Friday, July 8, 2011

The June Jobs Report

Our current depression that began in December of 2007 has been temporarily masked by a rising stock market and an increase in consumer confidence.  This is due to both endless trillions in federal government deficit spending and endless trillions in Federal Reserve monetization. (the purchase of assets with printed money)

Under the surface, however, the depression that began close to 4 years ago continues and the foundation for true economic growth is now far weaker.  It is similar to a home where the foundation is being eaten by termites that received new exterior paint and landscaping.  Someone driving by quickly would think the home looked much better than it did last year.

The two foundational growth factors for our economy are employment and housing, both of which have not returned during the current depression.  The government has nationalized the mortgage market, currently creating or insuring over 97% of new mortgages in our country.  They are providing these loans at all time record low interest rates.

Banks have temporarily kept about 6 years worth of home supply off the market, known as the shadow inventory.  With all these temporary and artificial factors in place, home prices hit a new post bubble record low last month. 

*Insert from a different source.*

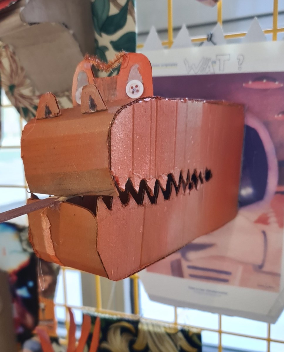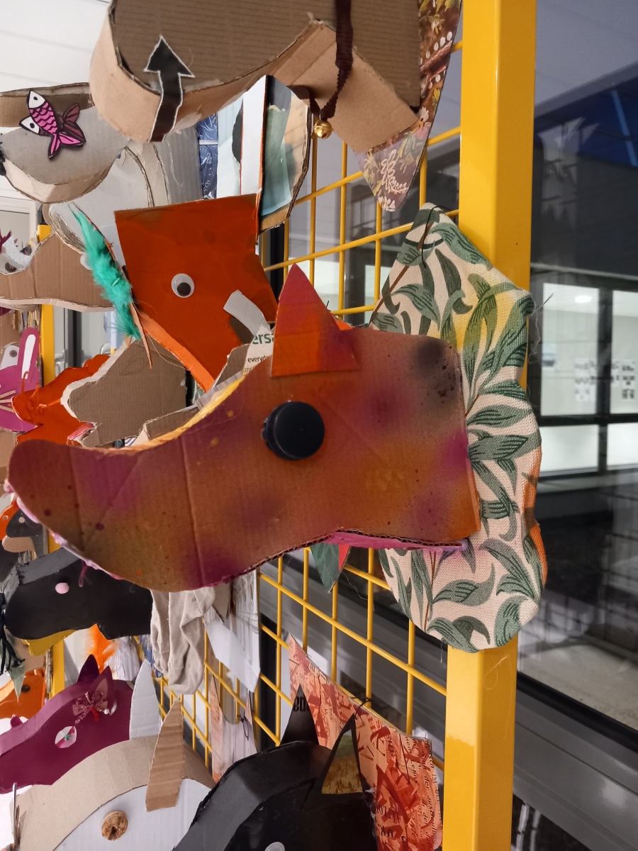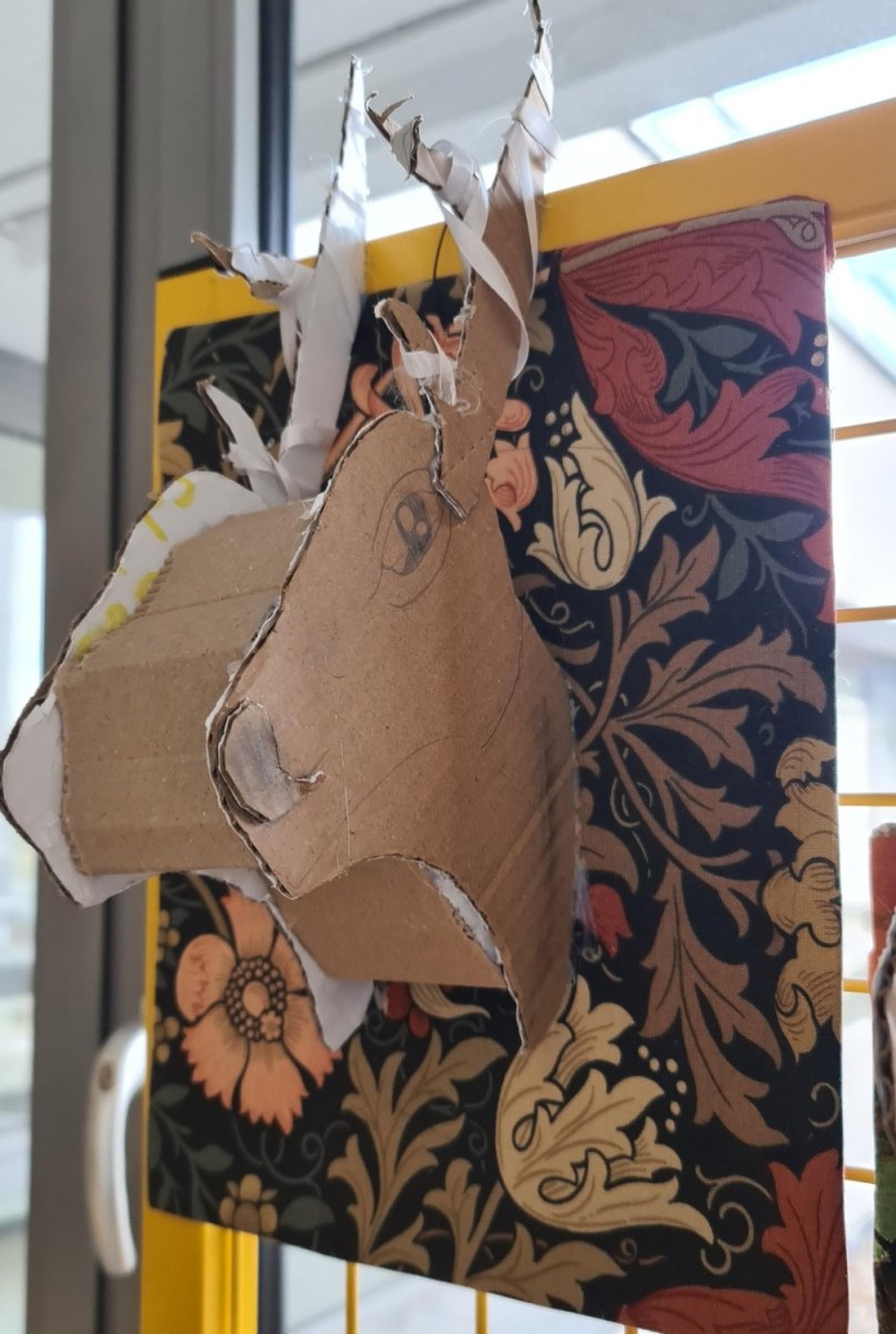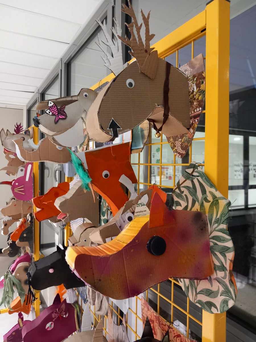 En lien avec la création d’objets en 3 dimensions, les élèves de 6èmes, ont réfléchi au détournement du trophée de chasse à partir de l’analyse de l’œuvre de l’artiste Anne Valérie Dupont. Les élèves ont dû fabriquer en carton la forme de leur animal en la stylisant et la simplifiant puis ont travaillé sur le support sur lequel est suspendu leur animal.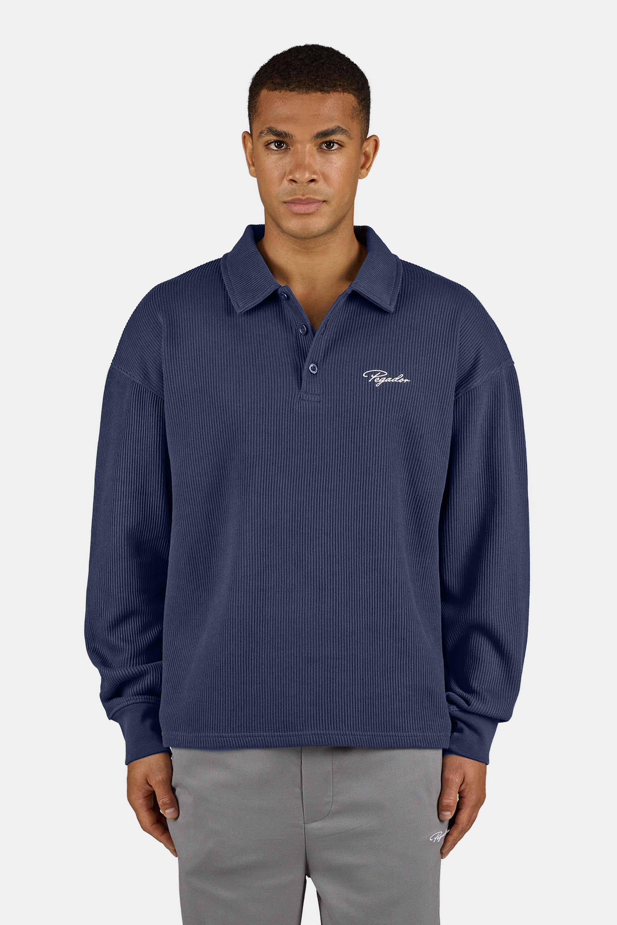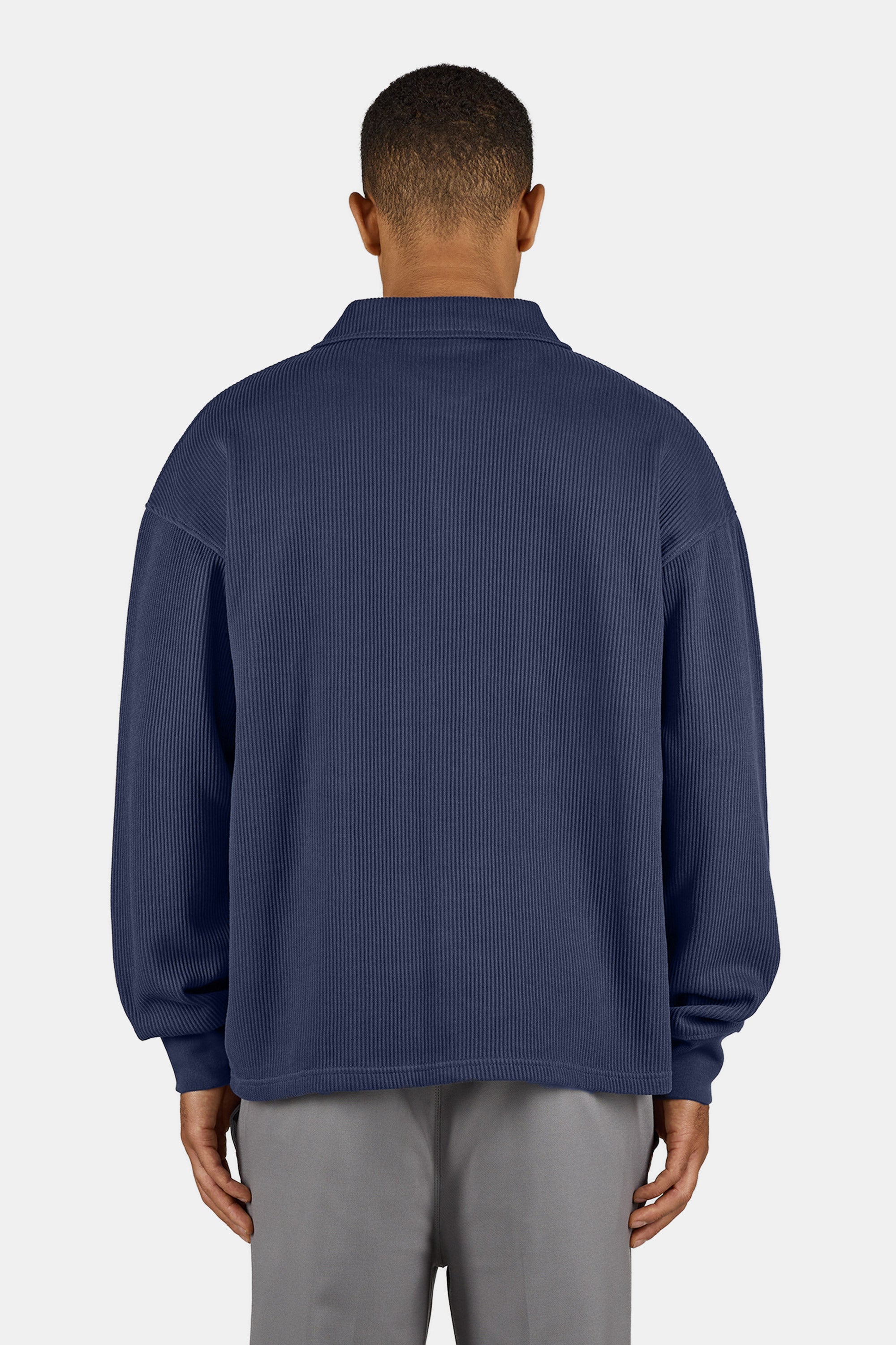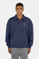 Signar Rib Polo Longsleeve Washed Indigo Navy

The second foundational growth factor is employment.  This morning we received the jobs report for the month of June.  Economists estimated an increase of jobs between 105,000 to 125,000.  18,000 new jobs were created for the month.  A complete disaster.  Last month's report was revised down from 54,000 to 25,000.

The birth/death model which "estimates" the number of jobs small businesses are hiring added 131,000 jobs to this number.  Without these make believe jobs we would have lost 113,000 jobs on the month.

The more important factor is the number of people "leaving the workforce" which are no longer counted by the government.  People can leave the workforce if they are retiring or if they have been unemployed for so long they have given up looking for work.  With the average retirement savings today at $11,000 and 30% of home mortgages underwater, my guess is more people are "leaving the workforce" because they have given up.

The following graph shows the labor force participation dropping to a new 25 year record low at 64.1%.


Up next we have the average duration of unemployment, which is currently at 39.9 weeks:


And finally we have where our current unemployment depression (red line) stands in comparison to previous recessions of the past century.  It shows how far we need to go to get our country back to full employment.


As discussed on Monday in The Debt Ceiling Compromise, look for the continued collapse in both housing and unemployment to provide the catalyst for the next round of government "stimulus" spending and quantitative easing from the Federal Reserve.

Our country is a heroine addict trying to recover from too much "stimulus" spending and federal reserve printing from 2001 to 2006.  Their goal will be to inject an even larger dose of heroine to try and artificially wake up the economy one more time before the 2012 elections.

Ultimately it will destroy the economy completely as our sick country will never be allowed the opportunity to recover.  The termites will continue to eat through the foundation as another layer of paint is added to the exterior of the home.